● **WHAT TO PRODUCE**
An exact copy of every entry below is required, and no picture may appear in it.

● **Collection entries**
____

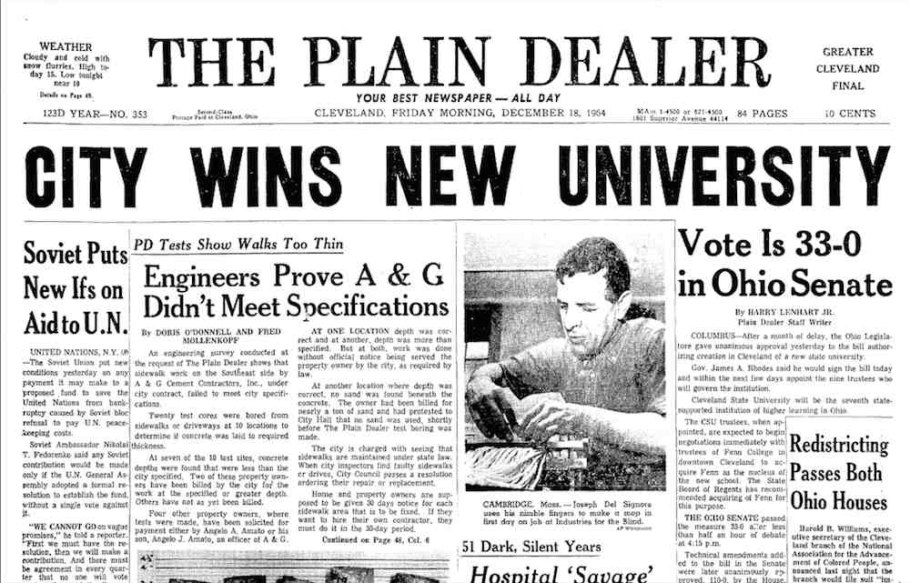 Although House Bill No. 2 enjoyed wide margins of victory in both the House and Senate considerable resistance to Cleveland State's establishment still existed. Other universities feared losing prospective students and state funds, there were concerns about the stability of Fenn's campus as the school's nucleus, and many felt CSU should be located outside the city where land was cheaper. | Date: December, 18 1964 | Source: Plain Dealer, December 18, 1964Download Original File
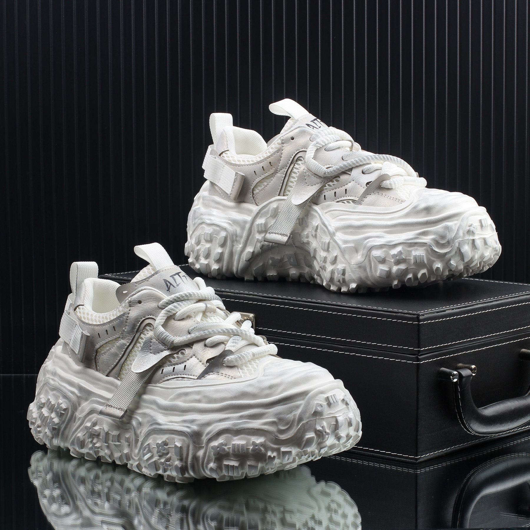 2025秋季新款厚底增高老爹鞋男款网面透气百搭休闲鞋高级感男鞋子
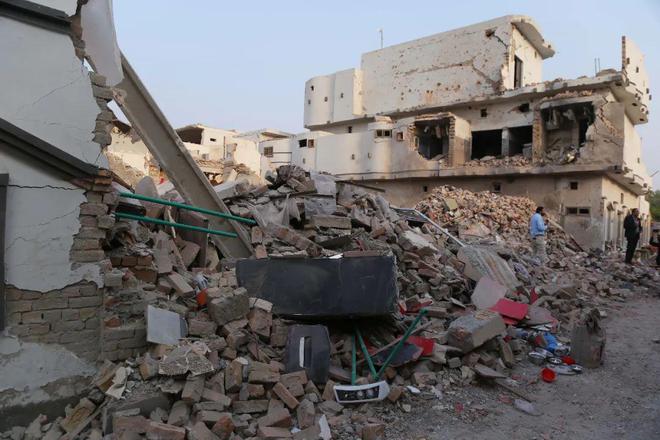5月7日在巴基斯坦东部旁遮普省巴哈瓦尔布尔地区拍摄的遭印度导弹破坏的房屋(图/新华社发)
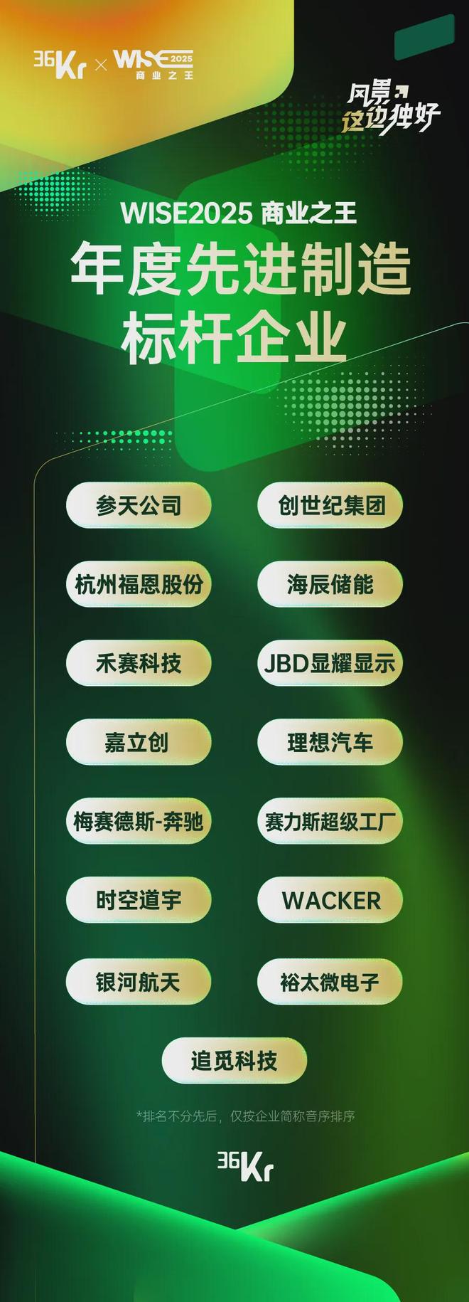 以下为「WISE2025 商业之王 年度先进制造标杆企业」:
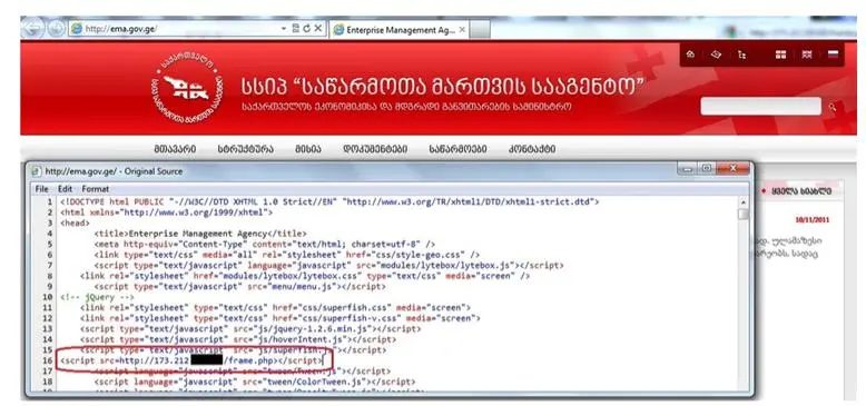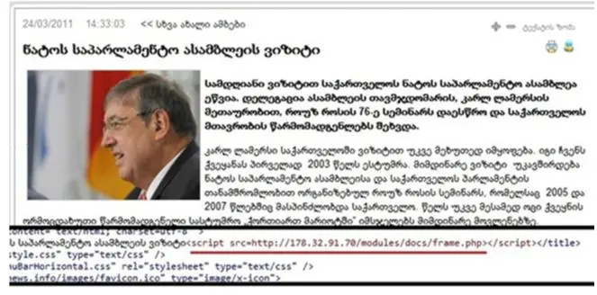 - 一些与新闻行业相关的格鲁吉亚网站被黑了。(恶意脚本只注入到了页面上,在这些页面上出现了一些特定的信息)
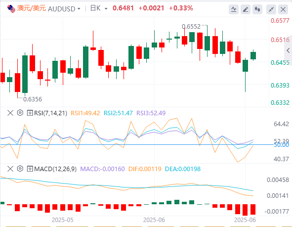 6月24日,澳元/美元周二上涨,连续第二个交易日扩大涨幅。在美国总统唐纳德·特朗普表示伊朗和以色列之间已达成停火协议后,澳元/美元上涨。特朗普表示,以色列和伊朗之间的“完全和彻底”停火将生效,以结束两国之间的冲突。 伊朗周一向卡塔尔的AlUdeid空军基地发射了导弹。卡塔尔官员表示,导弹弹幕已被拦截,基地已提前撤离。特朗普周六晚些时候宣布,他在一夜之间“摧毁”了伊朗的三个核设施,包括福尔多、纳坦兹和伊斯法罕。伊朗议会批准了一项关闭霍尔木兹海峡的措施。 最新的乐观标准普尔全球采购经理人指数(PMI)数据显示,澳大利亚私营部门以十个月来第二快的速度增长,削弱了澳大利亚储备银行(RBA)的短期降息预期。 美联储负责监管的副主席米歇尔·鲍曼(MichelleBowman)周一指出,随着就业市场的风险可能正在上升,降息的时机越来越近。鲍曼还强调,通货膨胀率似乎正在持续回落至2%,她不太担心关税会导致通货膨胀问题。 美联储(Fed)理事克里斯托弗·沃勒(ChristopherWaller)周五指出,美国央行最早可能在下个月开始放松货币政策,这表明在全球经济不确定性和地缘政治风险上升的情况下具有灵活性。 正如市场普遍预期的那样,美联储决定在6月份将利率稳定在4.5%。联邦公开市场委员会(FOMC)仍预计到2025年底将降息约50个基点。 美联储主席杰罗姆鲍威尔警告称,持续的政策不确定性将使美联储保持利率不变的立场,任何降息都将取决于劳动力和通胀数据的进一步改善。 中国人民银行(PBOC)周五决定维持其贷款最优惠利率(LPR)不变。一年期和五年期LPR分别为3.00%和3.50%。 S&PGlobal澳大利亚制造业采购经理人指数6月份保持在51.0水平。与此同时,服务业采购经理人指数从前值的50.6小幅上升至51.3,而6月综合采购经理人指数则从之前的50.5上升至51.2。 澳元/美元技术分析 澳元/美元周二交投于0.6480附近。日线图的技术分析显示,随着该货币对反弹至上升通道模式,看涨偏见重新出现。此外,14天相对强弱指数(RSI)略高于50关口,加强了看跌偏见。然而,该货币对仍低于9天指数移动平均线(EMA),表明短期价格势头较弱。 澳元/美元货币对主要测试0.6480的9天EMA。成功突破该水平将加强看涨情绪,并导致该货币对接近6月16日创下的七个月高点0.6552,随后是上升通道的上边界0.6600附近。 不利的一面是,直接支撑位出现在0.6440附近的上升通道下边界,与50天EMA0.6435对齐。跌破这一关键支撑区域将有助于看跌偏见的增长,并给澳元/美元带来下行压力,以测试0.6400心理水平附近的“回归支撑”。跌破该水平可能会促使该货币对在0.5914附近区域徘徊,这是自2020年3月以来的最低水平。 |

____

● **OUTPUT**
 Although House Bill No. 2 enjoyed wide margins of victory in both the House and Senate considerable resistance to Cleveland State's establishment still existed. Other universities feared losing prospective students and state funds, there were concerns about the stability of Fenn's campus as the school's nucleus, and many felt CSU should be located outside the city where land was cheaper. | Date: December, 18 1964 | Source: Plain Dealer, December 18, 1964Download Original File
 2025秋季新款厚底增高老爹鞋男款网面透气百搭休闲鞋高级感男鞋子
5月7日在巴基斯坦东部旁遮普省巴哈瓦尔布尔地区拍摄的遭印度导弹破坏的房屋(图/新华社发)
 以下为「WISE2025 商业之王 年度先进制造标杆企业」:
 - 一些与新闻行业相关的格鲁吉亚网站被黑了。(恶意脚本只注入到了页面上,在这些页面上出现了一些特定的信息)
 6月24日,澳元/美元周二上涨,连续第二个交易日扩大涨幅。在美国总统唐纳德·特朗普表示伊朗和以色列之间已达成停火协议后,澳元/美元上涨。特朗普表示,以色列和伊朗之间的“完全和彻底”停火将生效,以结束两国之间的冲突。 伊朗周一向卡塔尔的AlUdeid空军基地发射了导弹。卡塔尔官员表示,导弹弹幕已被拦截,基地已提前撤离。特朗普周六晚些时候宣布,他在一夜之间“摧毁”了伊朗的三个核设施,包括福尔多、纳坦兹和伊斯法罕。伊朗议会批准了一项关闭霍尔木兹海峡的措施。 最新的乐观标准普尔全球采购经理人指数(PMI)数据显示,澳大利亚私营部门以十个月来第二快的速度增长,削弱了澳大利亚储备银行(RBA)的短期降息预期。 美联储负责监管的副主席米歇尔·鲍曼(MichelleBowman)周一指出,随着就业市场的风险可能正在上升,降息的时机越来越近。鲍曼还强调,通货膨胀率似乎正在持续回落至2%,她不太担心关税会导致通货膨胀问题。 美联储(Fed)理事克里斯托弗·沃勒(ChristopherWaller)周五指出,美国央行最早可能在下个月开始放松货币政策,这表明在全球经济不确定性和地缘政治风险上升的情况下具有灵活性。 正如市场普遍预期的那样,美联储决定在6月份将利率稳定在4.5%。联邦公开市场委员会(FOMC)仍预计到2025年底将降息约50个基点。 美联储主席杰罗姆鲍威尔警告称,持续的政策不确定性将使美联储保持利率不变的立场,任何降息都将取决于劳动力和通胀数据的进一步改善。 中国人民银行(PBOC)周五决定维持其贷款最优惠利率(LPR)不变。一年期和五年期LPR分别为3.00%和3.50%。 S&PGlobal澳大利亚制造业采购经理人指数6月份保持在51.0水平。与此同时,服务业采购经理人指数从前值的50.6小幅上升至51.3,而6月综合采购经理人指数则从之前的50.5上升至51.2。 澳元/美元技术分析 澳元/美元周二交投于0.6480附近。日线图的技术分析显示,随着该货币对反弹至上升通道模式,看涨偏见重新出现。此外,14天相对强弱指数(RSI)略高于50关口,加强了看跌偏见。然而,该货币对仍低于9天指数移动平均线(EMA),表明短期价格势头较弱。 澳元/美元货币对主要测试0.6480的9天EMA。成功突破该水平将加强看涨情绪,并导致该货币对接近6月16日创下的七个月高点0.6552,随后是上升通道的上边界0.6600附近。 不利的一面是,直接支撑位出现在0.6440附近的上升通道下边界,与50天EMA0.6435对齐。跌破这一关键支撑区域将有助于看跌偏见的增长,并给澳元/美元带来下行压力,以测试0.6400心理水平附近的“回归支撑”。跌破该水平可能会促使该货币对在0.5914附近区域徘徊,这是自2020年3月以来的最低水平。 |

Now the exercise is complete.